With those (rather superficial) caveats, the book is clearly relevant to my research topic of trying to analyse and predict location behaviour using the digital breadcrumbs left by humans in daily life. I'm looking forward to reading the book as I have often found inspiration in Prof. Pentland's research.

The book was given an interesting review by Gillian Tett of the Financial Times last weekend. Her main point of agreement with the book is that the difference between new and old research on human behaviour analysis is due to the size of the data, plus the extent to which that data is interpreted subjectively v.s. objectively (e.g., anthropologists analysing small groups of people v.s. the 10GB that Prof. Pentland collected on 80 call centre workers at an American bank).

So far so good. But she goes on to criticise computer scientists for analysing people like atoms "using the tools of physics" when in reality they can be "culturally influenced too". As someone who uses the tools of physics to analyse behaviour (i.e., simulation techniques and mean field approximations that originated in statistical physics) I think this is false dichotomy.

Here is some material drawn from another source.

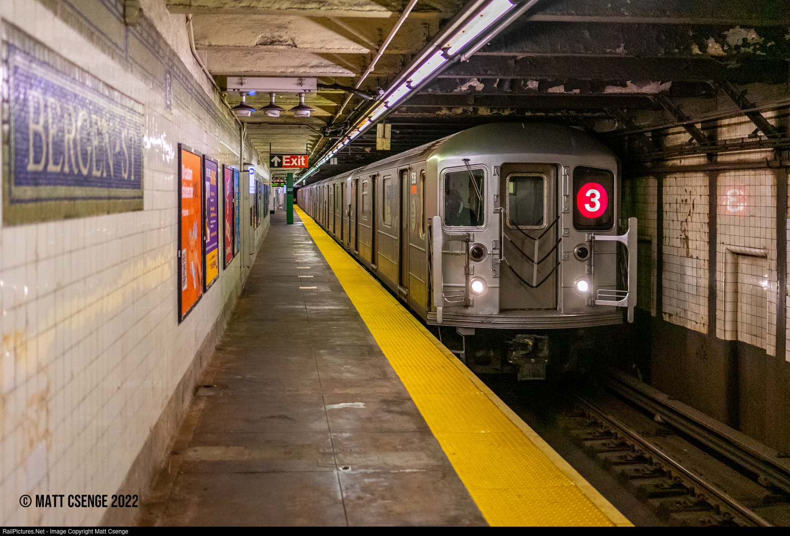 Bergen St. A New Lots Ave-bound 3 train of R62 cars (Kawasaki, 1983-1985) is seen arriving at Bergen St Station on the IRT Eastern Parkway Line.
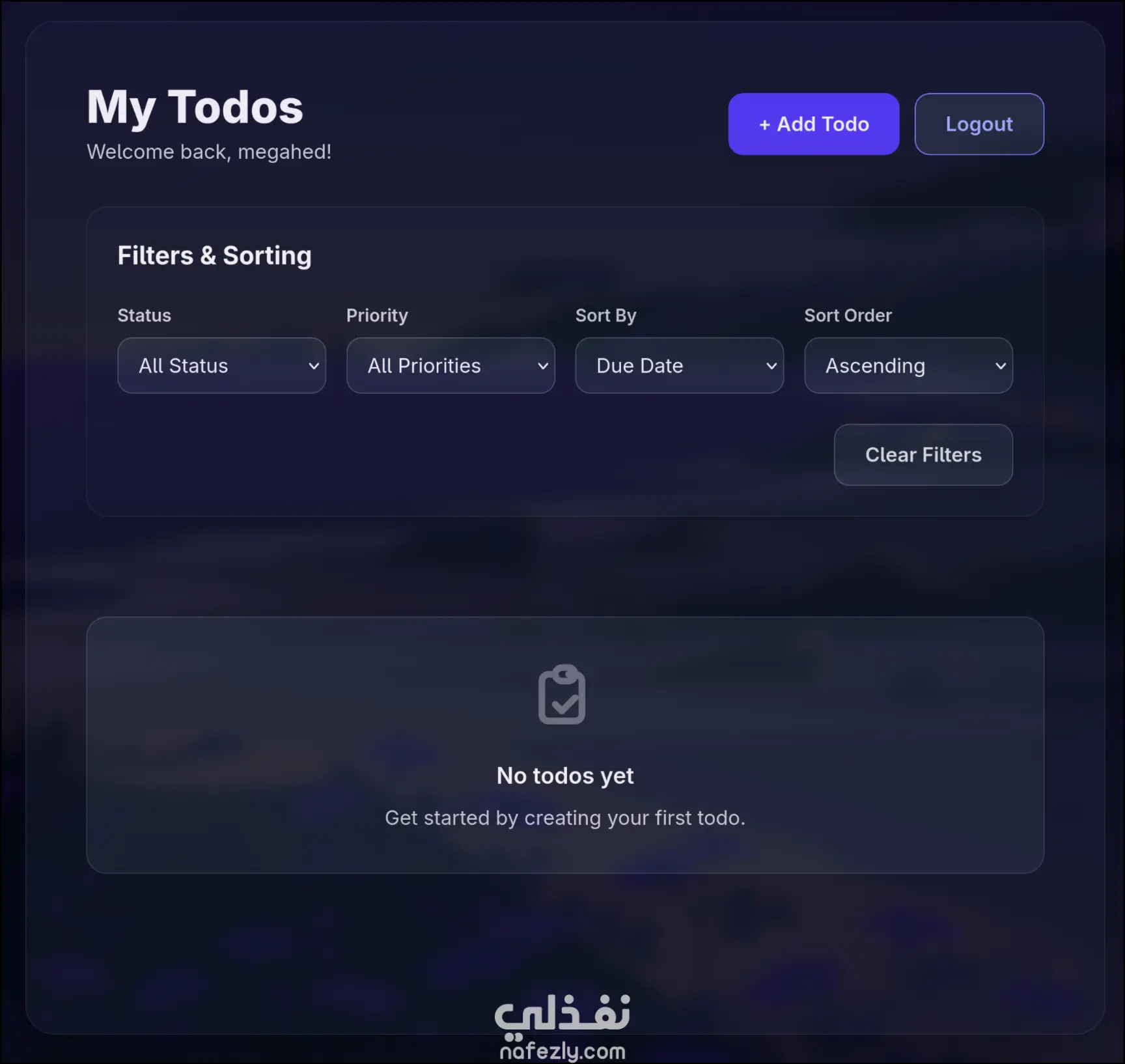 تطبيق قائمة مهام متكامل (Todo App) تم بناؤه باستخدام React، يتضمّن نظام تسجيل دخول للمستخدمين، وإدارة متقدّمة للمهام، وواجهة مستخدم حديثة ومتجاوبة.

There are two ways you can read the aforementioned criticism. The first is that statistical models of human behaviour are unable to infer (or learn) cultural influences from the raw data. The second is that the models themselves are constructed under the bias of the researcher's culture.

In the first case, there's nothing to stop researchers from finding new ways of allowing the models to pick up on cultural influences in behaviour (in an unsupervised learning manner), as long as the tools are rich and flexible enough (which they almost certainly are in the case of statistical machine learning).

The second case is more subtle. In my experience, the assumptions that are expressed in my, and my colleagues', models are highly flexible and don't appear to impose cultural constraints on the data. How do I know? I could be wrong, but my confidence in the flexibility of our models is due to the fact that model performance can be quantified with hard data (e.g., using measures of precision/recall or held-out data likelihood). This means that any undue bias (cultural or otherwise) that one researcher imposes will be almost immediately penalised by another researcher coming along and claiming he or she can do "X%" better in predictive accuracy. This is the kind of honesty that hard data brings to the table, though I agree that it is not perfect and that many other things can go wrong with the academic process (e.g., proprietary data making publications impervious to criticism, and the fact that researchers will spend more effort on optimising their own approach for the dataset in question v.s. the benchmarks).

My line of argument of course assumes that the data itself is culturally diverse. This wouldn't be the case if the only data we collect and use comes from, for example, university students in developed countries. But the trend is definitely moving away from that situation. Firstly, the amount of data available is growing by a factor of 10 about every few years (driven by data available from social networking sites like Twitter and Foursquare). At a certain point, the amount of data makes user homogeneity impossible, simply because there just aren't that many university students out there! Secondly, forward thinking network operators like Orange are making cell tower data from developing countries available to academic researchers (under very restricted circumstances I should add). So in conclusion, since the data is becoming more diverse, this should force out any cultural bias in the models (if there was any there to start with).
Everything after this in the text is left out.